Failure to Plan is Planning to Fail

Strategic planning has been on my mind a lot in the past few weeks.

I’ve been finding strategic planning in the usual places – the Laurel Historical Society is in the middle of a multi-year strategic planning effort, for example, and anyone familiar with museums, academia, and/or the nonprofit world should always have some level of awareness about strategic plans – and in unusual places as well.

The concept of strategic planning, I’ve realized, crops up quite frequently during walking seminars I lead along the National Mall from time to time. Pierre Charles L’Enfant’s design for Washington is the launching point for an historical overview of the Mall, juxtaposed in the ensuing three hours with its reinterpretation in the 1902 McMillan Plan and the still-ongoing 21st century re-reinterpretation (have no fear, Andrew Jackson Downing’s 1851 Mall redesign also makes a few appearances).

For me, the most striking aspects of both the L’Enfant and McMillan plans aren’t their immediate transformations of the Mall, but the long-term vision they also encouraged. When L’Enfant was designing the capital city, it had to have been tempting to name all of the circles and squares created through the implementation of his grid street system. Instead, he left them empty, preferring to allow future Americans to celebrate their own heroes. Similarly, when the McMillan Plan imagined the Mall and the heart of D.C. as a “monumental core” they did so knowing that it would be up to future residents, those not even born yet, to determine the location, subject, and appearance of those monuments, memorials, and museums.

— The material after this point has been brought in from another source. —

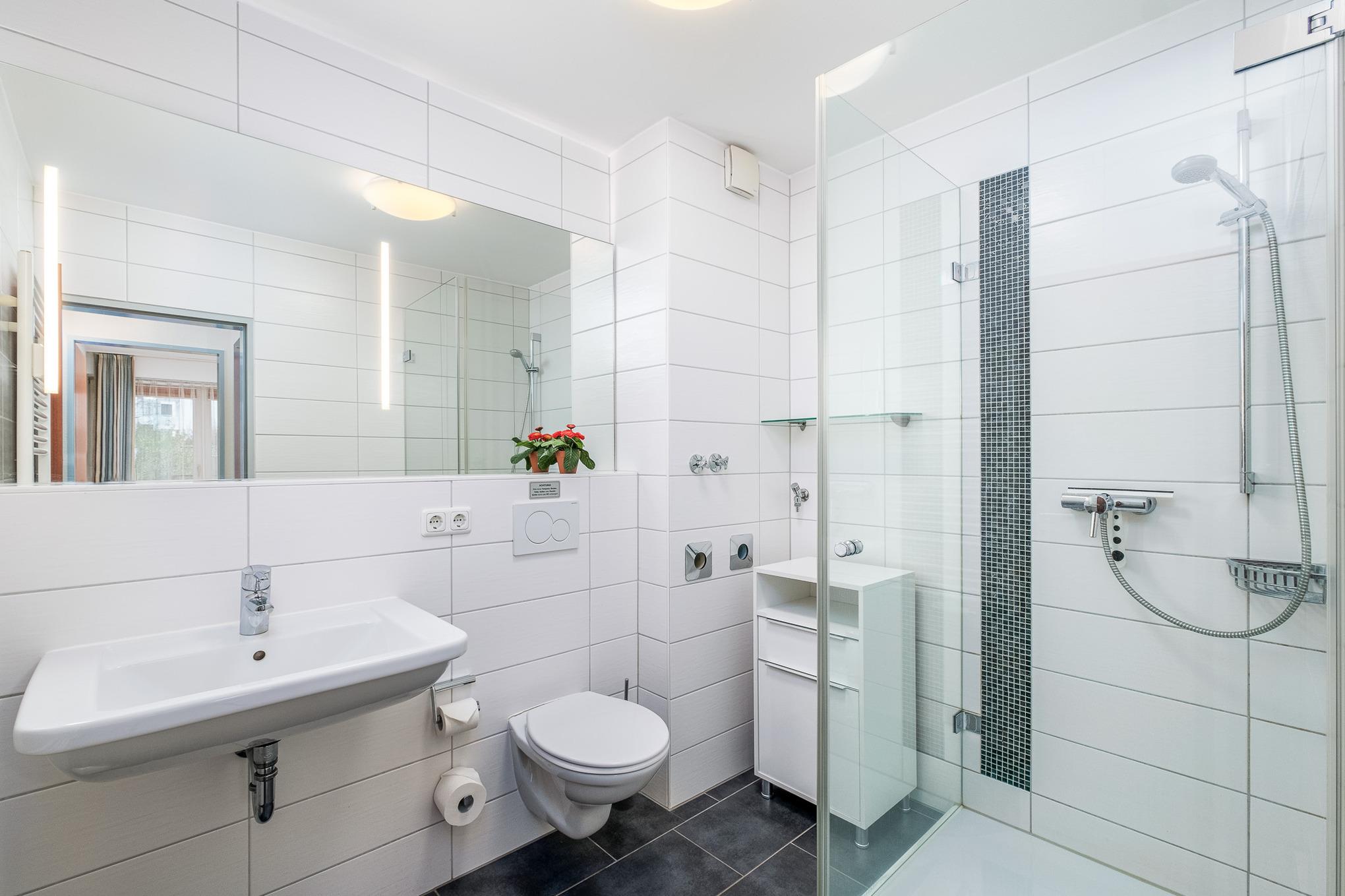 Im separaten Schlafzimmer befindet sich zusätzlich zum Doppelbett (2 x 90cm x 200cm H2 und H3 Wendematratzen) auch ein kostenfreies Kinderreisebett. Das moderne Duschbad ist mit einer Handtuchtrocknerheizung und einem Fön ausgestattet.

What always strikes me isn’t the idea of explicitly accounting for the future in strategic planning, since I was the one who designed the walking seminar after all, but rather the responses of my clients. Their appreciation, amazement, even shock at the notion of designing with the future in mind speaks volumes to the popularization of immediacy and the true difficulty in taking the long view. Even when a museum or university undertakes a strategic planning process, oftentimes it’s for 5 or 10 years. That L’Enfant and the McMillan Commission were looking 50 years, 100 years, indefinitely into the future speaks to the adventurous vision and the value of their contribution to the physical and psychological landscape of the U.S.

The notion of strategic planning also comes up in a favorite pastime of mine, comic books. There’s the short-term planning – a single writer thinking about the next few story arcs of the book she writes – and long-term planning, on the scale of a grouping of books or even the entirety of a publisher’s line.

At the moment the big two of comic book publishing, Marvel and DC, are both in the middle of a company-wide reboot, Secret Wars in the case of the former and Convergence for the latter. While the need for either company to reboot their line is a topic for another day (hint: it’s unnecessary) there is a distinct difference in the levels of planning put into each, or at least the perception thereof. Secret Wars was spearheaded by writer Jonathan Hickman and his editing team as the culmination of a storyline that was introduced in Avengers (vol. 5) #1 and New Avengers (vol. 3) #1 back in December 2012/January 2013, and is rebooting decades of continuity (although the Marvel NOW! initiative in 2011/12 resulted in renumbering of books and new team compositions, it didn’t affect continuity). Meanwhile Convergence is rebooting a continuity that had just been rebooted in 2011 as the “New 52,” in part in response to Marvel’s major changes, to lagging sales for New 52 books, and also because they needed a respite from ongoing monthly book publishing for a few months while moving their offices from New York City to Los Angeles.

Even before the first books from Secret Wars and Convergence were released, and especially now that the first issues have hit the newsstands, there’s a distinct difference in public responses to the two crossovers. Criticism of Convergence is somewhat negative and at the very least cynical, while that of Secret Wars is a fair bit more open-minded. Critics aren’t quite sure what to make of the Marvel story, but knowing that it was meticulously planned and executed strategically, there’s more willingness to trust the creative staff and let things play out.

That trust comes not just from company goodwill, but from the public acknowledgement by Marvel of their strategic plan, tying it to future company goals and demonstrating to the public the connections between the current storylines and actions in the comics over the past few years. Obviously the nature of a publisher’s strategic plan is different than a cultural institution – the publisher only assures us that a plan exists, while a public entity makes (or at least should make) the entirety of its strategic plan available for public consumption.

And at the end of the day, “strategic planning” is an apt way of describing the way we plan our own lives – our tomorrow, our next week, five years down the road, fifty years down the road. Things don’t always go according to plan, but planning provides a framework for future actions, and serves as an exercise to develop a better sense of what’s meaningful and how best to achieve it, both the end goal and the process of getting there.

Note: Due to a technical hiccup, a draft version of this post appeared yesterday evening. All fixed now!